Nothing but the lines below from the one with "Возьмите 5 кг" through the one with "parole da imparare" should be output, each exactly as given, and no pictures.

Record excerpts:

◆ ◆ ◆

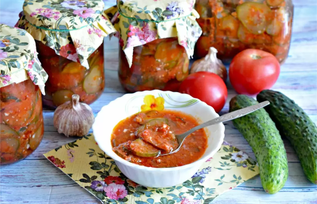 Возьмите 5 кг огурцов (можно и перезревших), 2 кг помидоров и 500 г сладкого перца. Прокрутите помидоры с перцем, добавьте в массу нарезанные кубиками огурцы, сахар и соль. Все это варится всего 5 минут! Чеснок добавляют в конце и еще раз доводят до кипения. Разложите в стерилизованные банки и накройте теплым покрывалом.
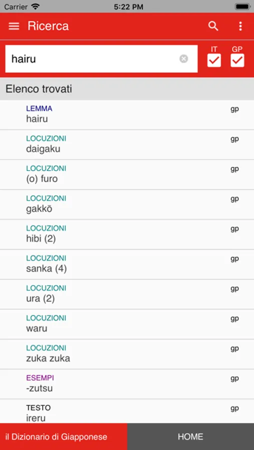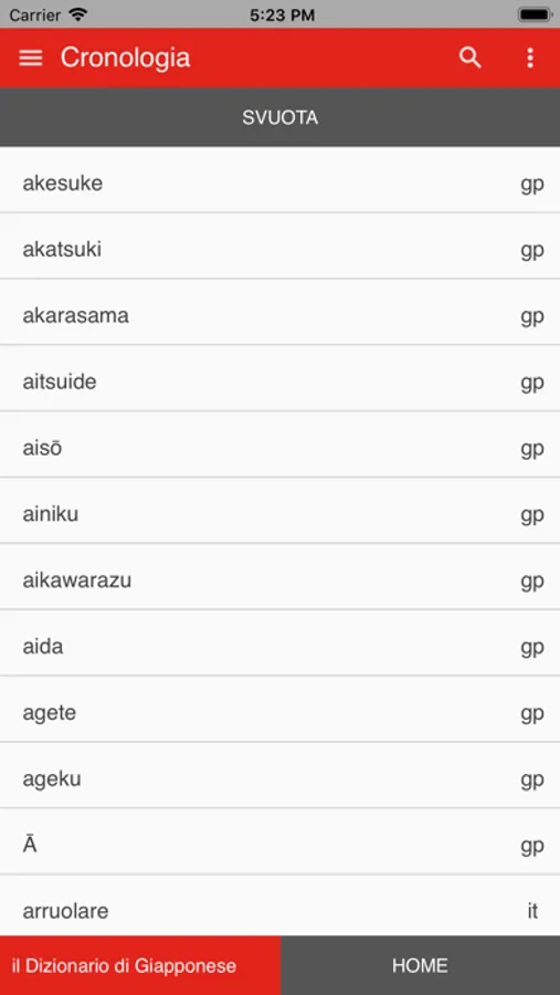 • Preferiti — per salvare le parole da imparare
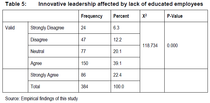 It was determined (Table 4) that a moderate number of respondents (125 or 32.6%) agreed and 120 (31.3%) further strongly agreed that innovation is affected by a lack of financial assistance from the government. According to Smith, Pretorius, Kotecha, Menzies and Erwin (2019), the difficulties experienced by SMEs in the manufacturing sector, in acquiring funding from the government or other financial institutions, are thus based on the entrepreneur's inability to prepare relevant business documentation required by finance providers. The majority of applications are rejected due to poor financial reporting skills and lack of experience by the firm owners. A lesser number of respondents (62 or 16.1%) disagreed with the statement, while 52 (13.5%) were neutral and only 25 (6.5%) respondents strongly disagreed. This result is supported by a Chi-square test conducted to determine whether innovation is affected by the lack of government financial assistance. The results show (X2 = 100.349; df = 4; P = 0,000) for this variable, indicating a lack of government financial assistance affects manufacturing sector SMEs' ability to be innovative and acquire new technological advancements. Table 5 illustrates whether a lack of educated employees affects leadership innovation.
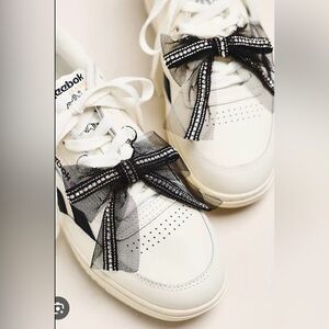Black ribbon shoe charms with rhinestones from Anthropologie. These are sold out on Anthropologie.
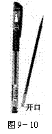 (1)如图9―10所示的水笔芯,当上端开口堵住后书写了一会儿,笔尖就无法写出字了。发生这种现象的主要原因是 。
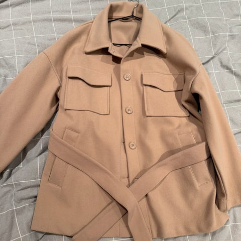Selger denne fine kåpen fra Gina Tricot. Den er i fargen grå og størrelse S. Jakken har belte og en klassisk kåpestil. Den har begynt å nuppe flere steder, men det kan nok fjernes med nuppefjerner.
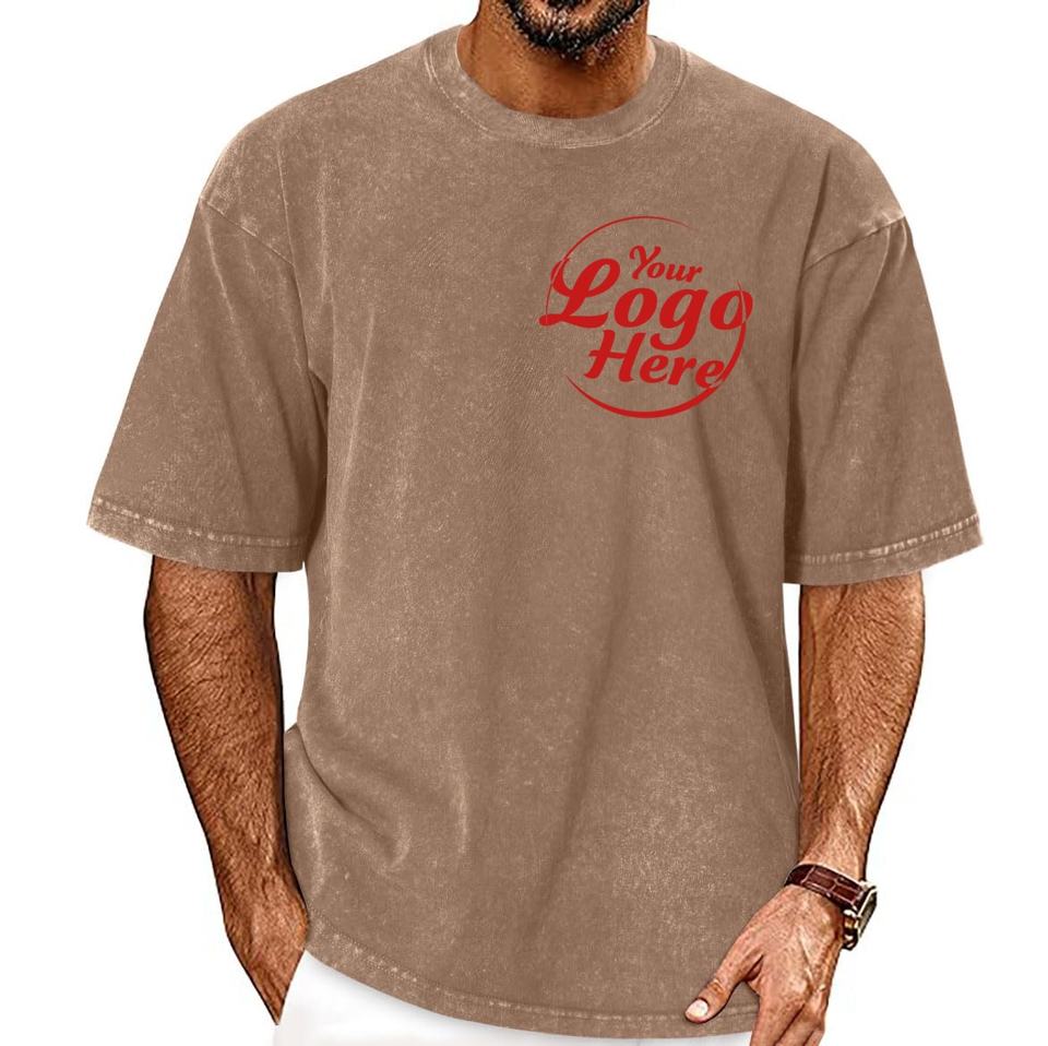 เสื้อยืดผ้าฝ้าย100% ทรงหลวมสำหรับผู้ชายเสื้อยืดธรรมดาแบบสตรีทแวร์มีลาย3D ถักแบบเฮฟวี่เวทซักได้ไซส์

◆ ◆ ◆

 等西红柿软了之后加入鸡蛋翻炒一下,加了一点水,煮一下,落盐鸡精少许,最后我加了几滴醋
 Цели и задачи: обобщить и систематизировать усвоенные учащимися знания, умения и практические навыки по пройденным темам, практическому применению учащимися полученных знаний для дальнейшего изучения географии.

◆ ◆ ◆

Result below:
 Возьмите 5 кг огурцов (можно и перезревших), 2 кг помидоров и 500 г сладкого перца. Прокрутите помидоры с перцем, добавьте в массу нарезанные кубиками огурцы, сахар и соль. Все это варится всего 5 минут! Чеснок добавляют в конце и еще раз доводят до кипения. Разложите в стерилизованные банки и накройте теплым покрывалом.
 • Preferiti — per salvare le parole da imparare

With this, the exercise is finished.